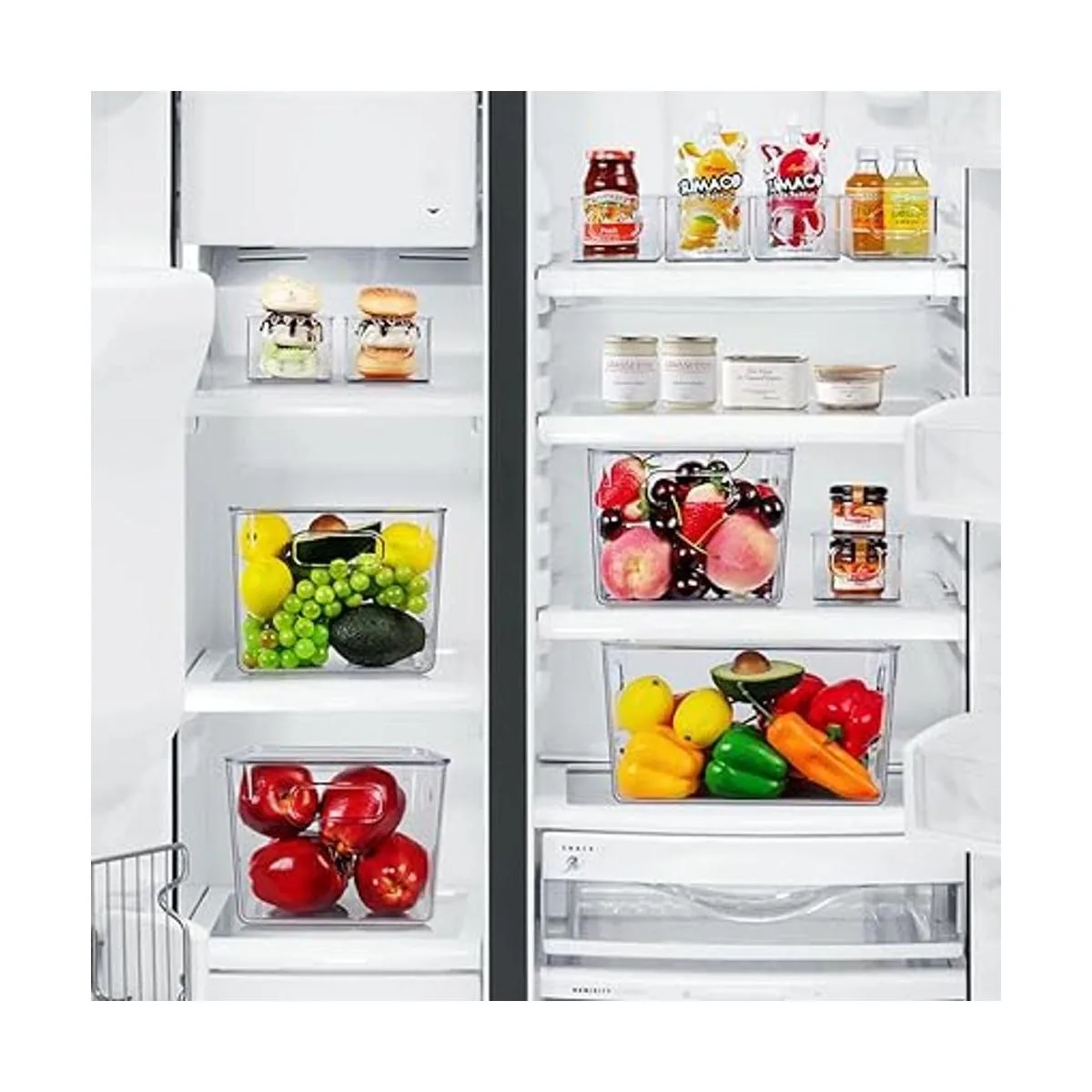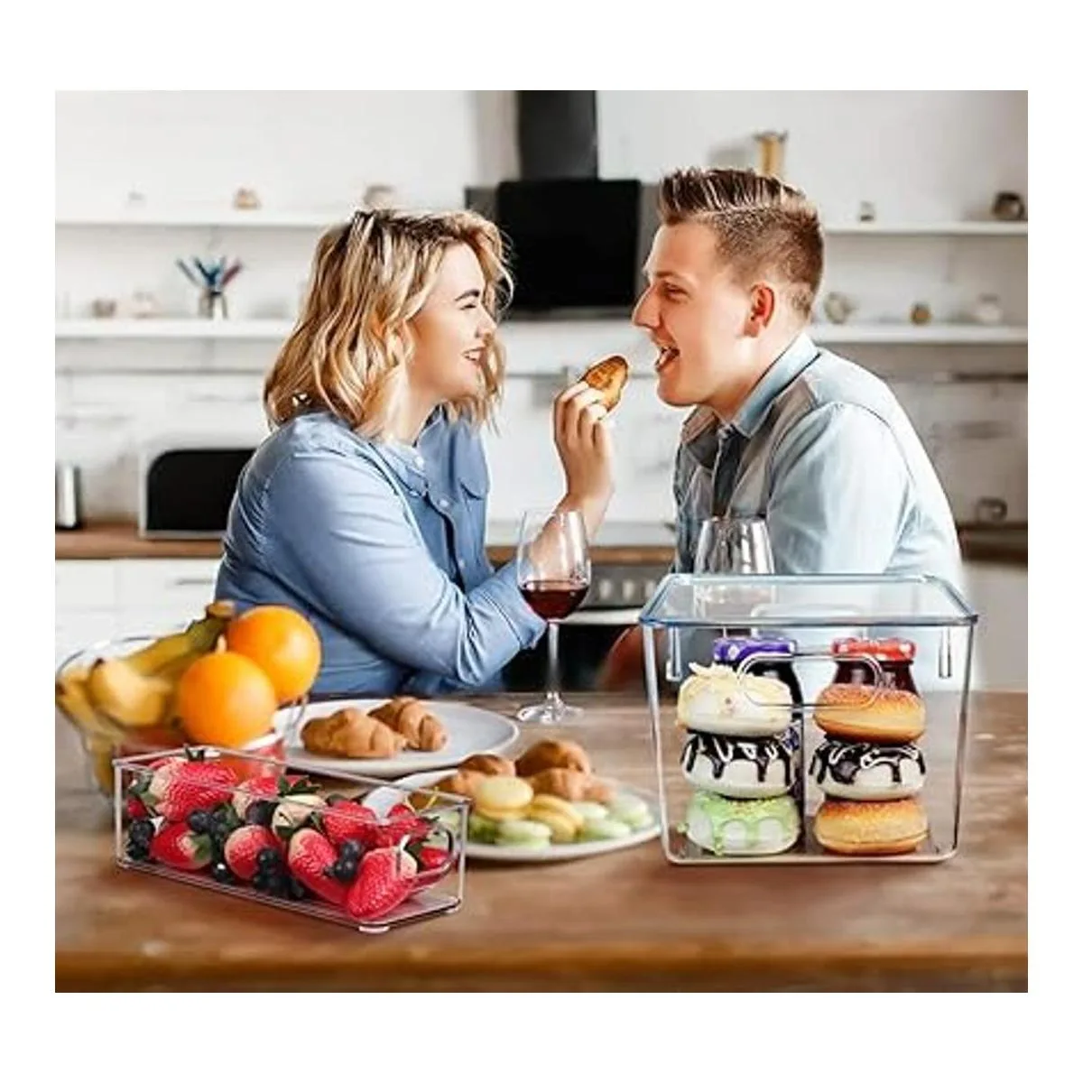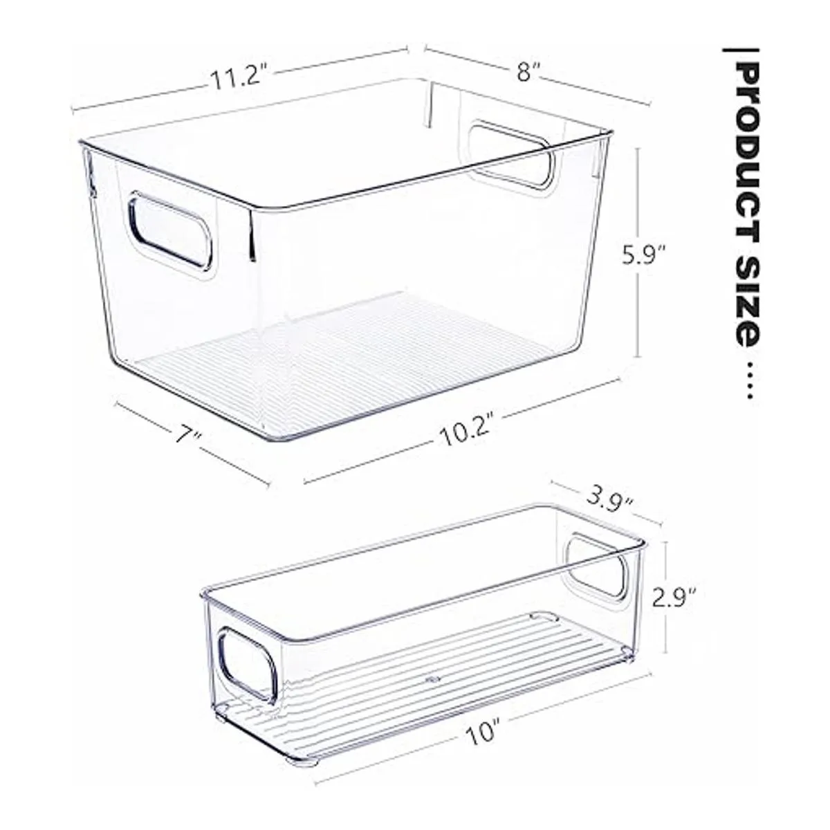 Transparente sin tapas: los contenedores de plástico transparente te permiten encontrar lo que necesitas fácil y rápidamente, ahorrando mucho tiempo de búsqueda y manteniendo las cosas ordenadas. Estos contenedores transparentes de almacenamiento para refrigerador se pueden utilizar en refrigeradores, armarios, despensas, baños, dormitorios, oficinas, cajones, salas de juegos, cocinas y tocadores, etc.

○ ○ ○ ○ ○ ○ ○

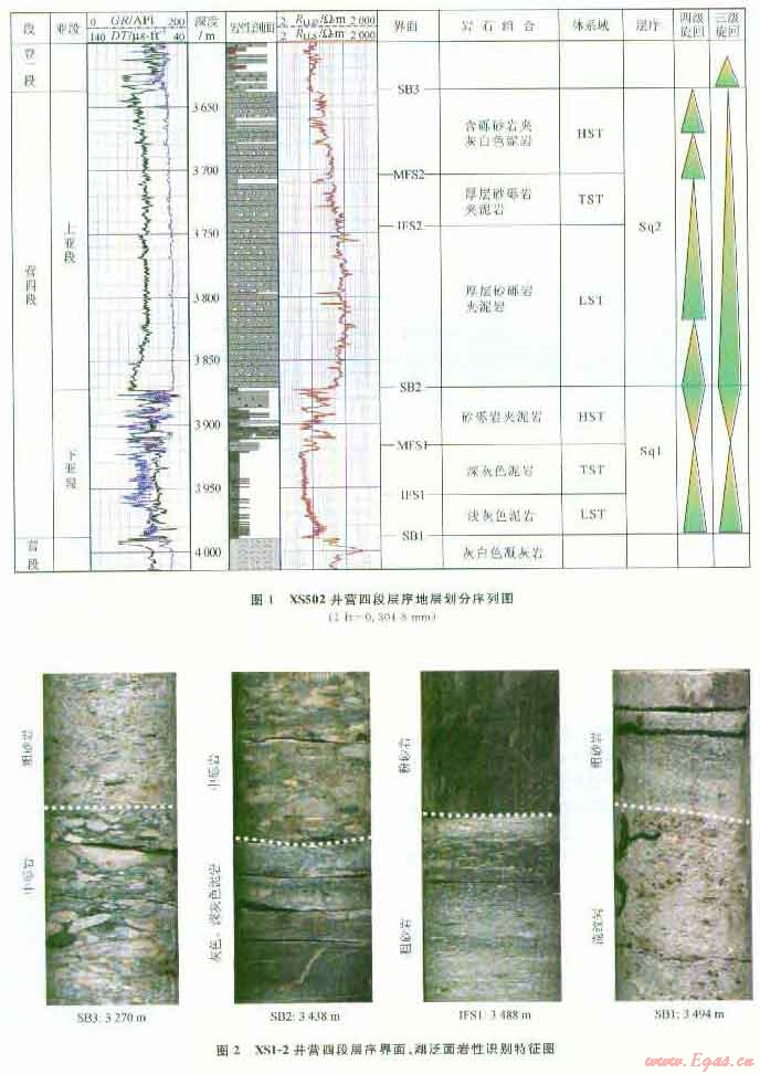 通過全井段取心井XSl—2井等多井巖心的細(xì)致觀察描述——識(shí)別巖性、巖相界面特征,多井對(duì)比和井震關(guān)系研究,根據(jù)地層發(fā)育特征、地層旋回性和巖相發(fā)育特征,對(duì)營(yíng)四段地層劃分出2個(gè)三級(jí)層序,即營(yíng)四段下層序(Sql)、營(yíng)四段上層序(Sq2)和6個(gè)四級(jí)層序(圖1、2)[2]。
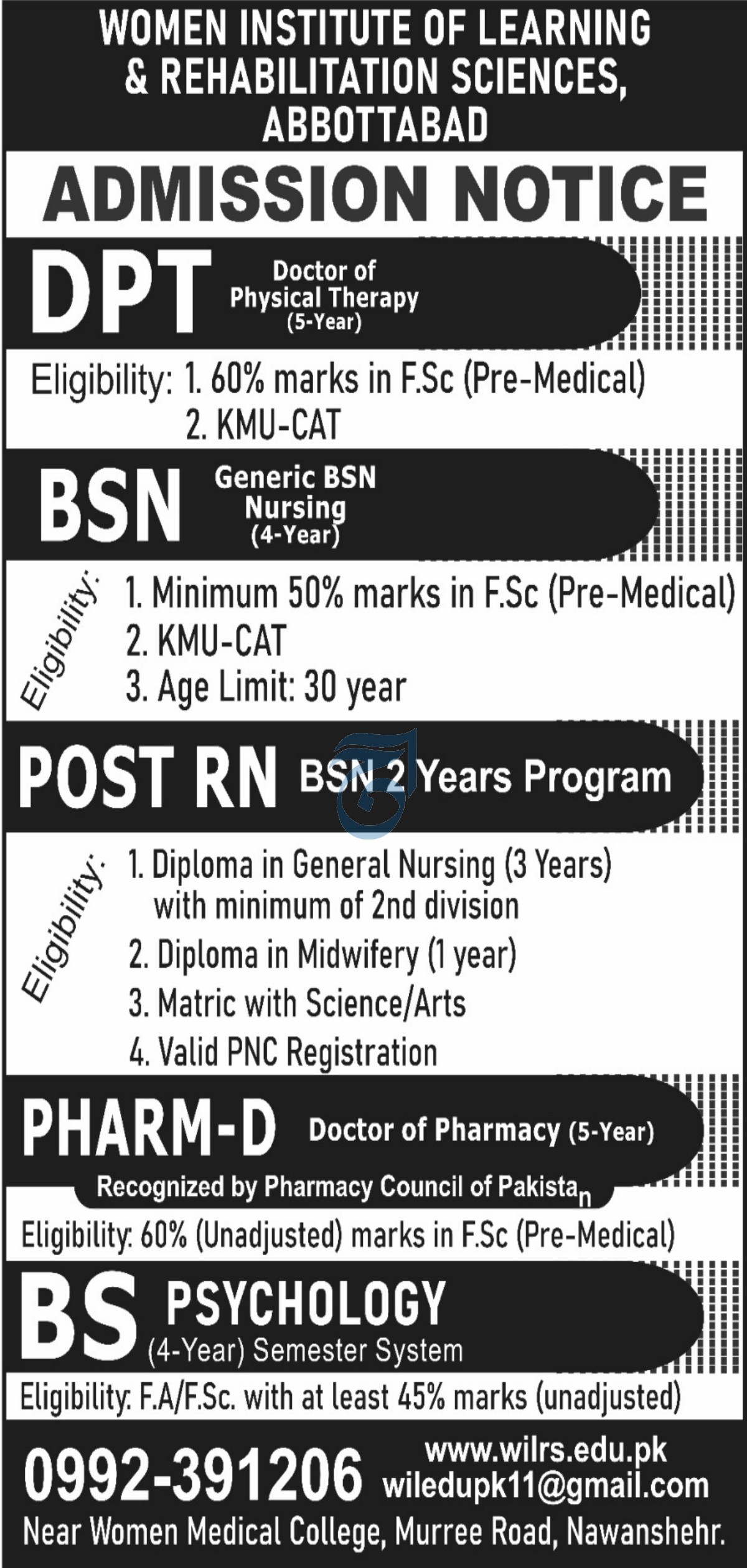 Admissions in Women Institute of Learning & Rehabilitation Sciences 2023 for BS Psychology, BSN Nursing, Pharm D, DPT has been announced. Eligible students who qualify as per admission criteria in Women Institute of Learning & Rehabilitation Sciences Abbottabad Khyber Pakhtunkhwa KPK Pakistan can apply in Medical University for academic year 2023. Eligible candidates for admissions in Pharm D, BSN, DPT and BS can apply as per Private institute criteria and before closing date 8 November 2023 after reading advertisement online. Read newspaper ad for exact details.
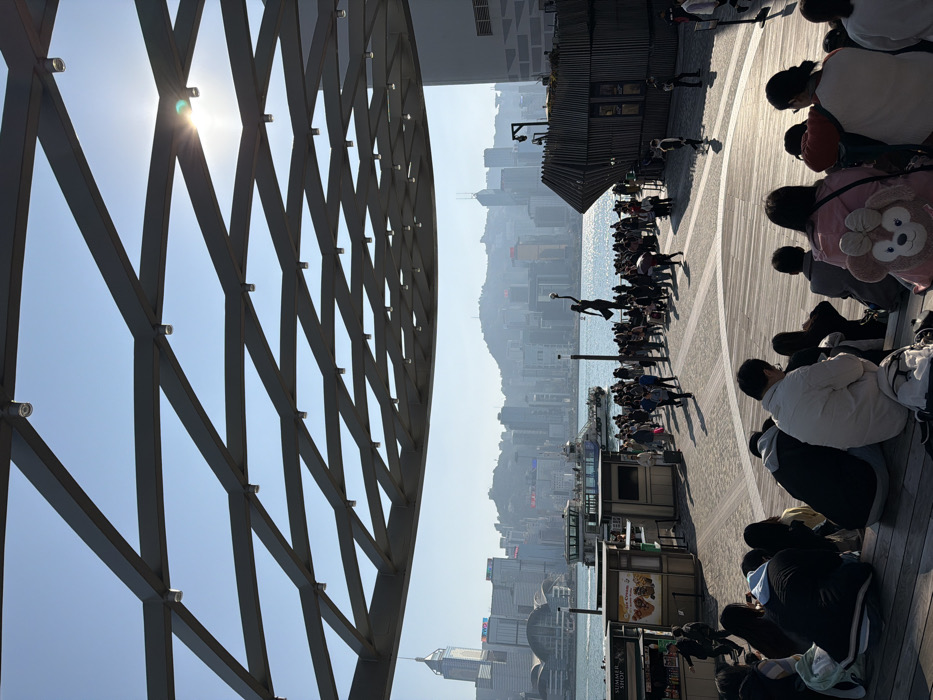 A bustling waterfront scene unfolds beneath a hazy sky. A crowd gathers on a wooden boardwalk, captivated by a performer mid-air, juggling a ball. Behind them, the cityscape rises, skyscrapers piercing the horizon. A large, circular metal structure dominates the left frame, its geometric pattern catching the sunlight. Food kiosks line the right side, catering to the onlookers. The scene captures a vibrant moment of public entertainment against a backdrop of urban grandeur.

○ ○ ○ ○ ○ ○ ○

Within the listing above, extract exactly the lines that run from the one containing "通過全井段取心井XSl—2井" through the one containing "Admissions in Women", excluding any pictures.

TASK RESPONSE
 通過全井段取心井XSl—2井等多井巖心的細(xì)致觀察描述——識(shí)別巖性、巖相界面特征,多井對(duì)比和井震關(guān)系研究,根據(jù)地層發(fā)育特征、地層旋回性和巖相發(fā)育特征,對(duì)營(yíng)四段地層劃分出2個(gè)三級(jí)層序,即營(yíng)四段下層序(Sql)、營(yíng)四段上層序(Sq2)和6個(gè)四級(jí)層序(圖1、2)[2]。
 Admissions in Women Institute of Learning & Rehabilitation Sciences 2023 for BS Psychology, BSN Nursing, Pharm D, DPT has been announced. Eligible students who qualify as per admission criteria in Women Institute of Learning & Rehabilitation Sciences Abbottabad Khyber Pakhtunkhwa KPK Pakistan can apply in Medical University for academic year 2023. Eligible candidates for admissions in Pharm D, BSN, DPT and BS can apply as per Private institute criteria and before closing date 8 November 2023 after reading advertisement online. Read newspaper ad for exact details.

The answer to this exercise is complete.